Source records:
**********
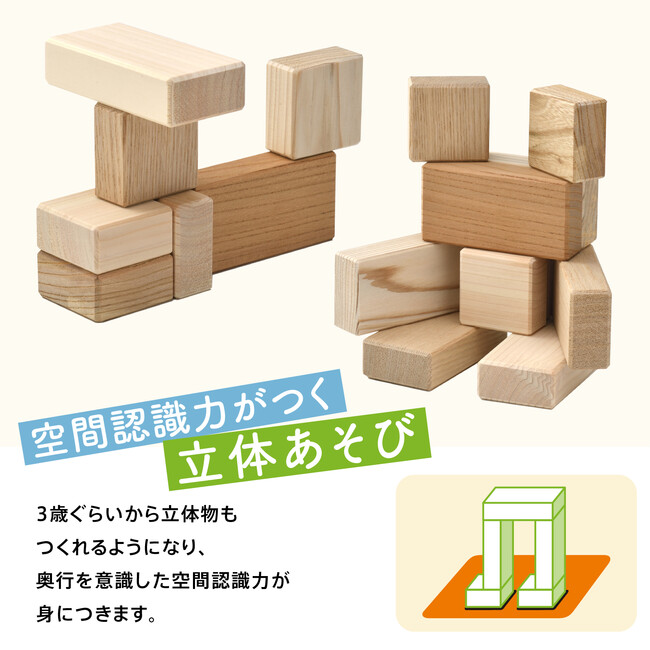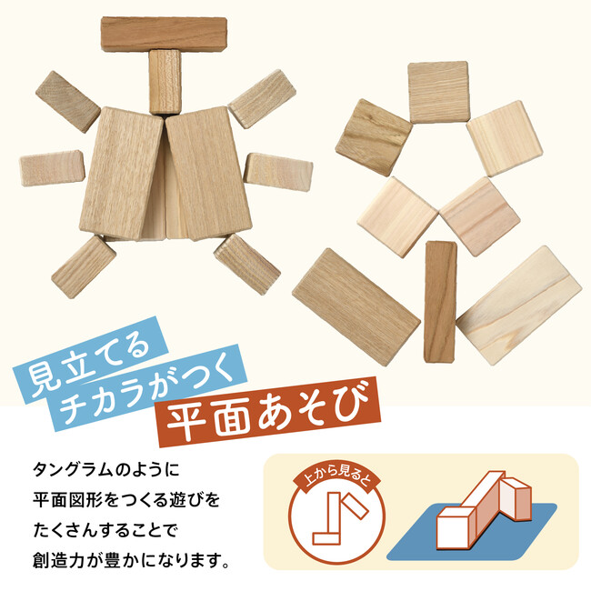 複数の保育園から4cm基尺の積み木の製造依頼があったことがきっかけに、子ども達の積み木遊びを観察。積み上げる以前の発達段階として、子ども達が「並べる」遊びをすることから、並べながら“描く”「平面あそび」を開発し、遊びの発展を促す作例をガイドブックとして保育園に提供しました。3歳以降は「積み上げる」ことも容易になるため、「立体あそび」として作例に。このガイドブックは、保育士が1対1で子どもと向き合った時に遊びのサポートにもつながったことから、この度、ガイドブックと積み木をセットにした親子向けの商品として発売いたします。
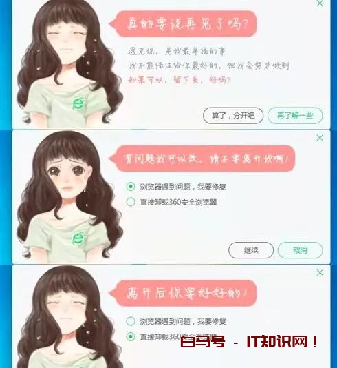 虽然对于咱们来说,这些套路已经见怪不怪了。但估计谁也讲不清楚,国内电脑软件到底什么时候玩起「卸载伤痛文学」的。每每世超要卸载一个软件,都像是要辜负一个深爱着我的女孩。重要的是,她还一片痴心,并对我报以最诚挚的祝福,我还真有点下不去手。说出来你可能不信,我跟浏览器网恋了 ▼
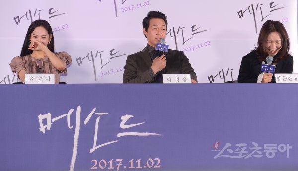 배우 박성웅(가운데)이 23일 서울 용산구 CGV 용산아이파크몰에서 열린 영화 ‘메소드’ 언론시사회 및 기자간담회에서 취재진의 질문에 답변하고 있다.
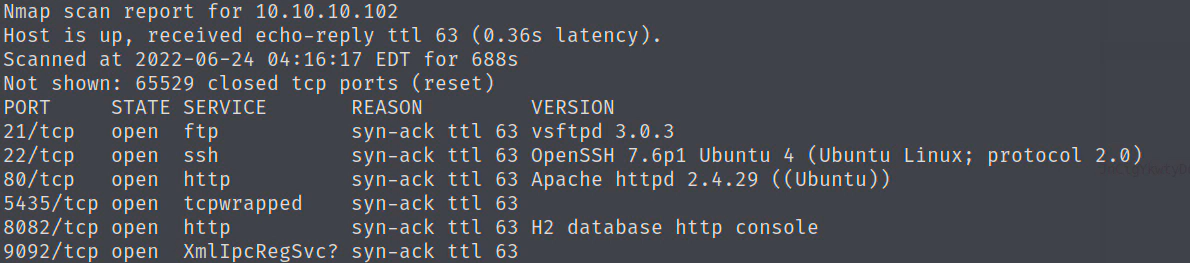 nmap -T4 -p- -vv -sV 10.10.10.102
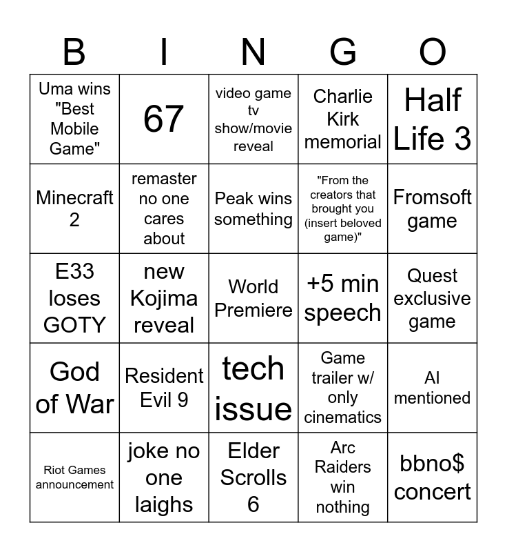 This bingo card has a free space and 24 words: Resident Evil 9, joke no one laighs, Peak wins something, Riot Games announcement, Half Life 3, Uma wins "Best Mobile Game", Minecraft 2, 67, +5 min speech, tech issue, "From the creators that brought you (insert beloved game)", E33 loses GOTY, Game trailer w/ only cinematics, AI mentioned, remaster no one cares about, Arc Raiders win nothing, Quest exclusive game, video game tv show/movie reveal, Fromsoft game, new Kojima reveal, bbno$ concert, God of War, Charlie Kirk memorial and Elder Scrolls 6.
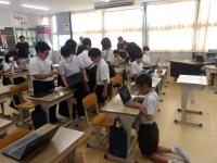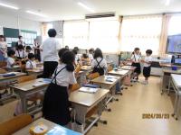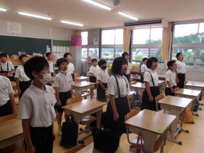 8月6日(火)今日は登校日です。各学級で平和に関する読み聞かせのあと、感想等を伝え合いました。今日の登校日でお世話になった中学校の校舎ともお別れです。8月29日の登校日からは、仮設校舎への登校となります。中学校の皆さん、本当にありがとうございました。
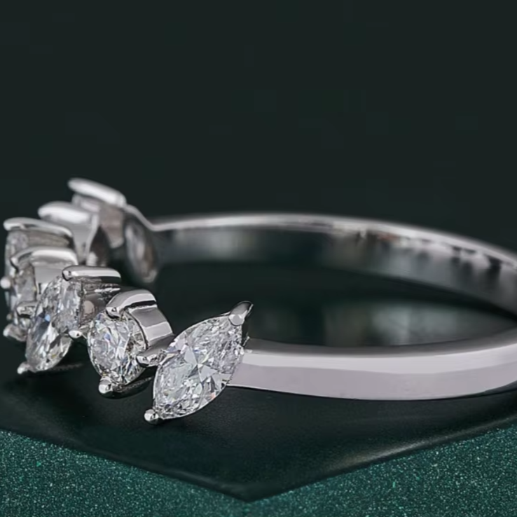 แหวนเพชรโมอิสซาไนต์ทรงมาร์ควิสและทรงกลม เงินแท้ 925 ของขวัญสำหรับเธอ
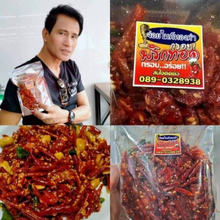 “พี่จ่อยทำพริกทอดกรอบครับ ทำเองครับ เริ่มทำเพราะทำทานเองก่อน ปรับโน่นนี่จนคิดว่ามันอร่อยถูกปาก ได้สูตรตัวเอง ก็ลองทำขายดู กระแสตอบรับดีครับ เพราะเป็นสูตรเราเองด้วย จากแฟนคลับซื้อห่อสองห่อกลายเป็นเพิ่มขึ้นเรื่อยๆ ก็ทำยามว่างครับ มีรสดั้งเดิม รสสไปร์ซี่ รสปาปริก้า ถุงละ79 บาทครับ ค่าส่งแล้วแต่น้ำหนักครับ ฝากอุดหนุนกันได้นะครับ เอาไว้ทานเล่นก็ได้เพลินๆ ทานกับข้าวก็อร่อยครับ สนใจติดต่อที่ FB จ่อย ไมค์ทองคำ ได้เลยครับ”
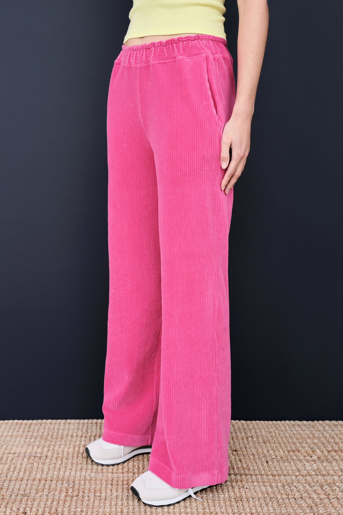 These corduroy wide-leg pants are an effortless way to bring plush texture into your wardrobe. Anchored by an elasticized waist, this pull-on style features pleat detailing at the front and a roomy fit through the legs.
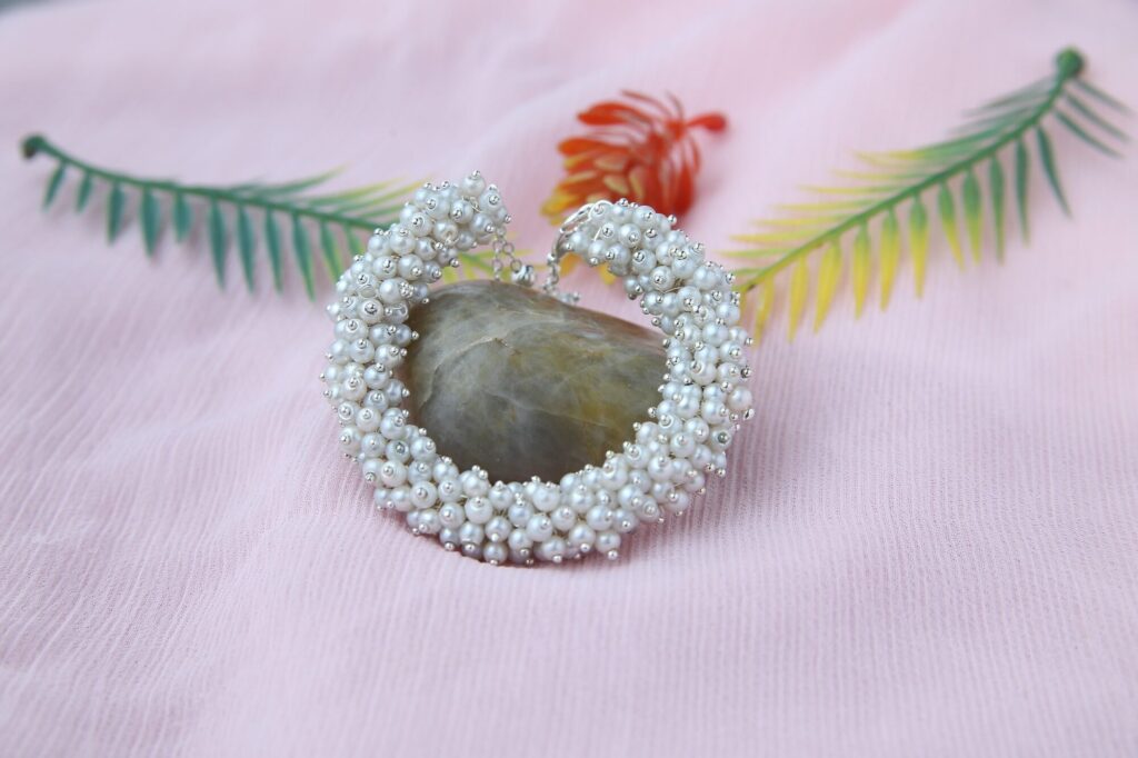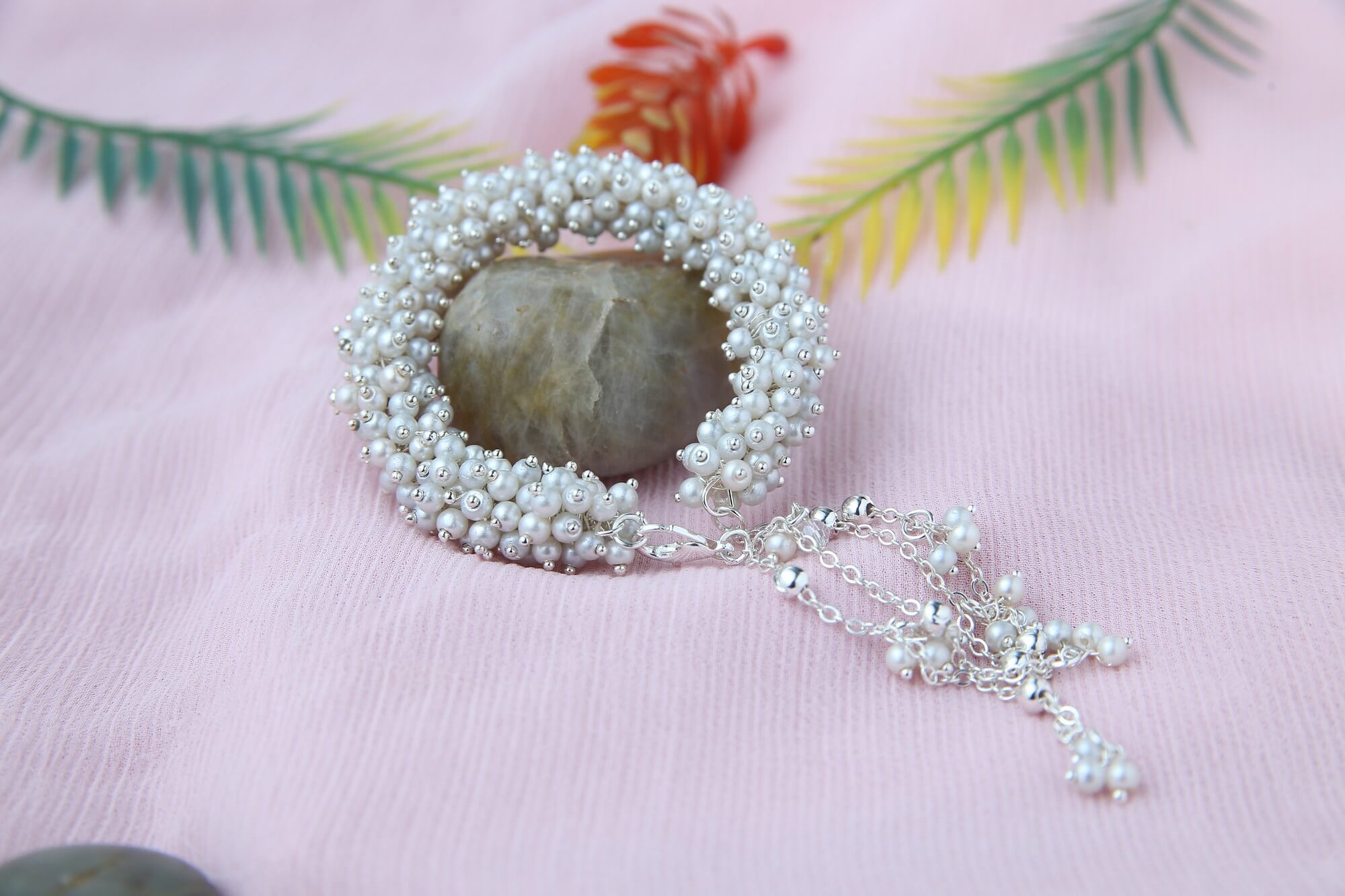 This jewelry made with beautiful pearls oozes beauty and sophistication. The distinctive spiral pattern gives a dash of modern flair. The bracelet features a delicate chain with multiple dangling pearl charms. This unique design adds a touch of movement and dimension to the piece, creating a captivating and eye-catching effect. The chain is securely attached to the bracelet, ensuring long-term wear.
**********
> **ASSIGNMENT**
Exactly the lines above from the one that contains "배우 박성웅(가운데)이 23일" down to the one that contains "แหวนเพชรโมอิสซาไนต์ทรงมาร์ควิสและทรงกลม เงินแท้ 925" are to be output, both ends kept and pictures omitted.

> **SOLUTION TO THE EXERCISE**
 배우 박성웅(가운데)이 23일 서울 용산구 CGV 용산아이파크몰에서 열린 영화 ‘메소드’ 언론시사회 및 기자간담회에서 취재진의 질문에 답변하고 있다.
 nmap -T4 -p- -vv -sV 10.10.10.102
 This bingo card has a free space and 24 words: Resident Evil 9, joke no one laighs, Peak wins something, Riot Games announcement, Half Life 3, Uma wins "Best Mobile Game", Minecraft 2, 67, +5 min speech, tech issue, "From the creators that brought you (insert beloved game)", E33 loses GOTY, Game trailer w/ only cinematics, AI mentioned, remaster no one cares about, Arc Raiders win nothing, Quest exclusive game, video game tv show/movie reveal, Fromsoft game, new Kojima reveal, bbno$ concert, God of War, Charlie Kirk memorial and Elder Scrolls 6.
 8月6日(火)今日は登校日です。各学級で平和に関する読み聞かせのあと、感想等を伝え合いました。今日の登校日でお世話になった中学校の校舎ともお別れです。8月29日の登校日からは、仮設校舎への登校となります。中学校の皆さん、本当にありがとうございました。
 แหวนเพชรโมอิสซาไนต์ทรงมาร์ควิสและทรงกลม เงินแท้ 925 ของขวัญสำหรับเธอ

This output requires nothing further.